As I said, hindsight is a wonderful thing.


  1. I'm sure we all wish we had the power to foresee the future (to a certain extent). We make decisions based on the options available to us at the time. We can't change the past, much as we might want to at times. I agree about wanting to live somewhere close to amenities, though. As you get older, you want to be able to get to shops/surgeries etc easily. xx

  2. It is a wonderful thing and we've all had it at one time or another. I know I have and I tend to try to focus in the good things that came out of the decision (not always successfully, but I try). If I'd not married I wouldn't have had to go through a divorce with all the assoviated traumas and sorrow but I wouldn't have Beth, Dave and Alex and I cannot imagine that. I guess life is one long balance on a seasaw really.
    Love to you.

  3. Hi Sue hope all is good with you.
    We have been through a similar journey as you selling ours in 2010.
    We love it here and would never be able to afford a place like this, our land lord owns the property we rent with his brother, it has been valued this year so at the end of the day they could sell whenever, luckily we are ready to do something ourselves now just using a very small pension, we actually enquired about something today but it has had an offer already so looks like it will be no good which is a shame.

  4. When Tony and I were thinking of moving a couple of years ago, my very wise friend suggested buying near shops, a doctors surgery and a bus route. That colours our decision every time we get the urge to up sticks and downsize.
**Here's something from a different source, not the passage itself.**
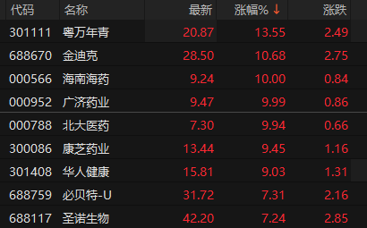 上证报中国证券网讯11月26日早盘,医药生物板块走强,截至9时38分,广济药业3连板,海南海药、北大医药2连板,粤万年青、金迪克涨超10%,康芝药业、华人健康等跟涨。

  5. My advice for what it is worth would be to start looking at possible places to move to in the future - a small village perhaps or market town - where there are a few shops and on a bus route. When my dad died my mum then 80 tried to carry on - she even drove for a while but she lived in a lonely spot with beautiful view and garden between two villages with steep hills, not near any shops and not on a bus route. Eventually she got too lonely and it was a struggle getting out for food especially in the winter etc so she had to sell up and bought a McCarthy and Stone retirement apartment nearer to my sister. She wished she had done it when dad was still alive -it gave her a new lease of life -she has shops, the hairdressers and doctors and a park nearby - even now at 93 she is still just about coping and has never looked back.
    It is a difficult decision to plan for the future and hard to imagine yourself older and with a more limited mobility but I know from experience with my grandparents and then parents that it does come to us all and I think it is best to be prepared.
    I agree with the hindsight though - it happens to us all too. x

  6. Even though you love where you live it isn't conducive to staying there into old age, going by what you've written above. Moving is a very stressful time but we all have to do what we have to do. Just my opinion, but I would start looking for somewhere better suited for your old age sooner rather than later.

  7. I believe in , the right thing will happen when it needs to. Just keep all options open and be ready when it happens.